Monday, October 19, 2009

The New Producers

For this week's reading, I found the positive outlook of Yochai Benkler quite refreshing. He examines the ways that new communication technologies promote increased freedom in the production of media and less dependence on the market to create media. In the past 15 years, the way we organize information production has radically changed. New developments in ICTs, especially that of the internet, have brought about structural change that goes to the core of how liberal markets and liberal democracies function together. These ICT developments coupled with changes in social production practices as well as changes in economic organization have created new opportunities for how we make and exchange information, knowledge and culture. Media production by individuals and by cooperative efforts comprised of individuals and other non-market based organizations is increasing dramatically in diverse areas of production from software development to investigative reporting. Thus, individuals are now able to take more active roles in the new information environment than in the industrial economy of the last century.

The rise in influence of individuals and cooperative non-market media production threatens the historical giants of the industrial information economy, media corporations. Benkler sees the increasing number of laws and institutions being put in place to regulate media production (from copyright laws to rules for registering domain names) as the greatest danger to individuals' freedom and active, critical participation in liberal democratic society.

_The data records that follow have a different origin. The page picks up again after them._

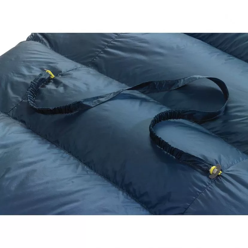 The outside of the sleeping bag is in fact made of 10D Nylon RipStop with a DWR treatment that makes it water-repellent. The padding, on the other hand, is in 900 Fill Goose Nikwax Hydrophobic Down RDS down, which in addition to having exceptional thermal performance is also ultra-light and remains dry 60 times longer than untreated down in conditions of high humidity.
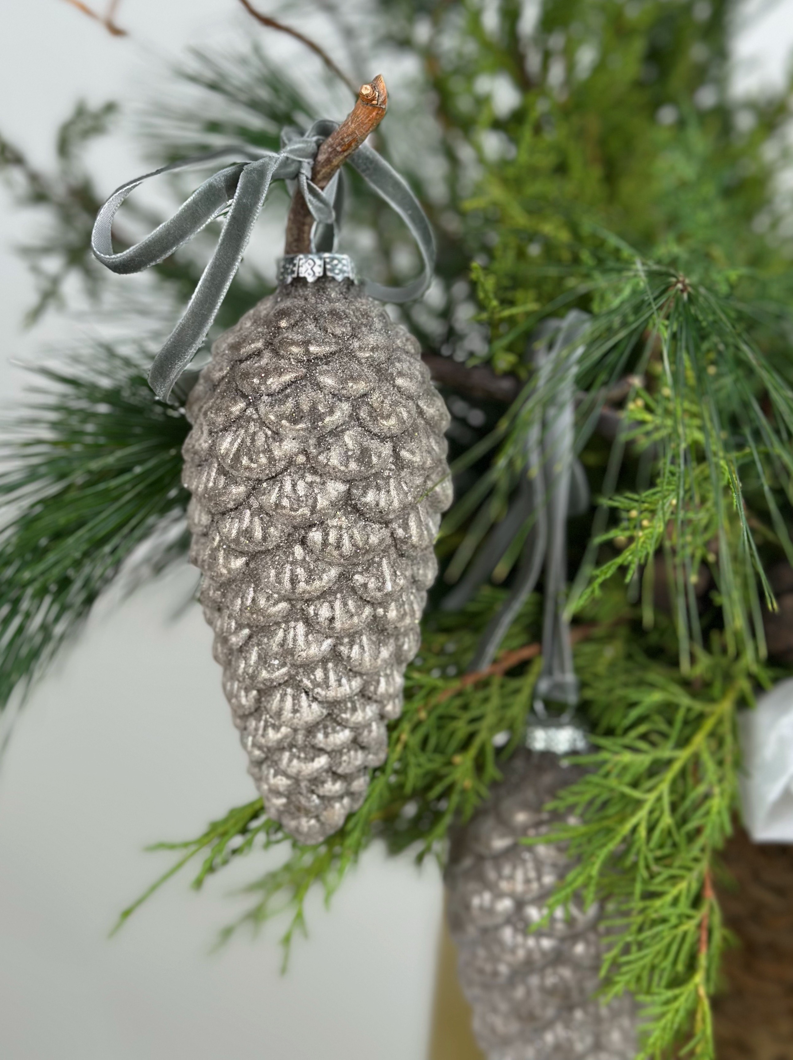 МИКС ХВОИ И ЗАСНЕЖЕННОГО АСПАРАГУСА В КОРЗИНЕ С ДЕКОРОМ
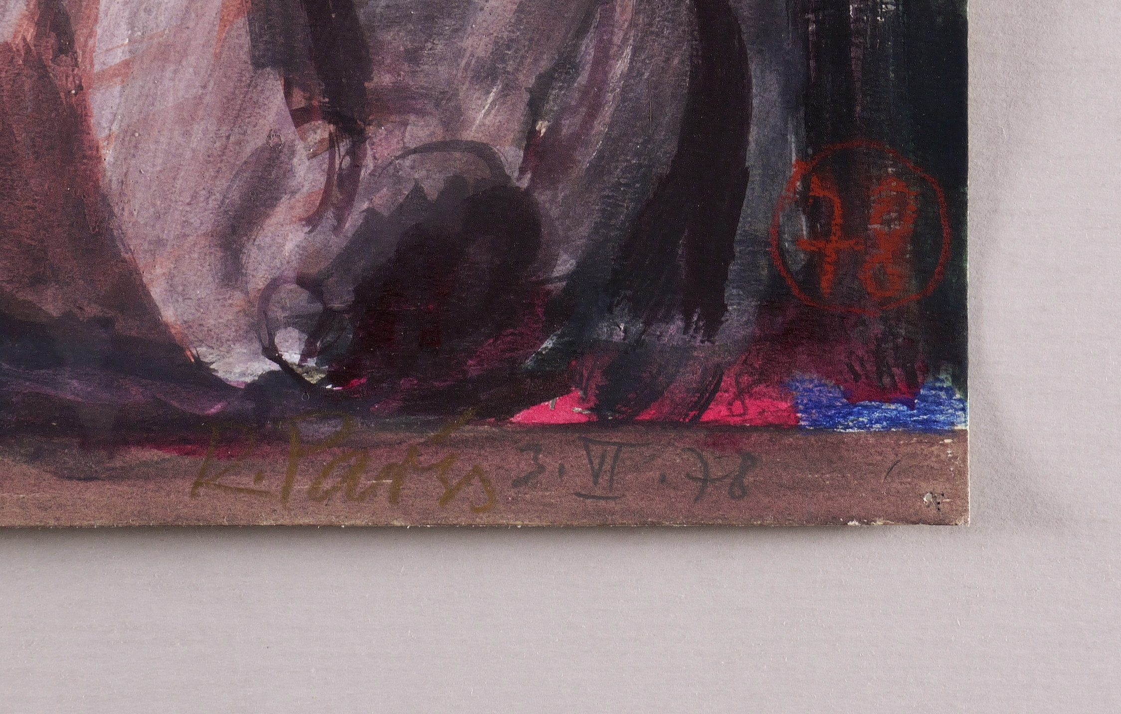 Rechts unten in Farbkreide und Bleistift signiert und datiert: ″R. Paris VI. 78″. Darüber nochmal in Farbkreide das Jahr: ″78″. Links in schwarzer Tusche Werknummer: ″4 I″. – Provenienz: Sammlung Erhard Frommhold, Dresden. – Sehr guter Zustand.

The outcome of these tensions between non-market media production and market-based producers will significantly affect how we as individuals learn what is going on in the world and to what extent and in what forms we will be able to affect how the world is seen.

1 comment:

  1. "Optimism" is the same word that came to my mind when I was reading Benkler today. But I wish he'd addressed ownership issues a little more, since so many of the technological tools individuals and non-market organizations use to communicate are owned by transnational corporations. That said, Benkler's outlook was definitely peppier than McChesney's, maybe because he focuses on individuals as active participants in information and culture creation/distribution, whereas McChesney seems to look at us as slack-jawed dupes, gaping at the flickering screen and whatever Rupert Murdoch flashes on it to stupify and sedate us. Have you ever read "Infinite Jest"? I've got some serious issues with David Foster Wallace in general, and that book in particular, but there's one image in it that keeps popping into my mind lately--namely, an entertainment product so captivating that everybody who watches it dies because it's so mesmerizing they neglect the rudiments of human survival. McChesney may have embraced the symbollism, but I think Beckler (and Castells and Ronfeldt and Arquilla, for that matter) give the audience a little more credit.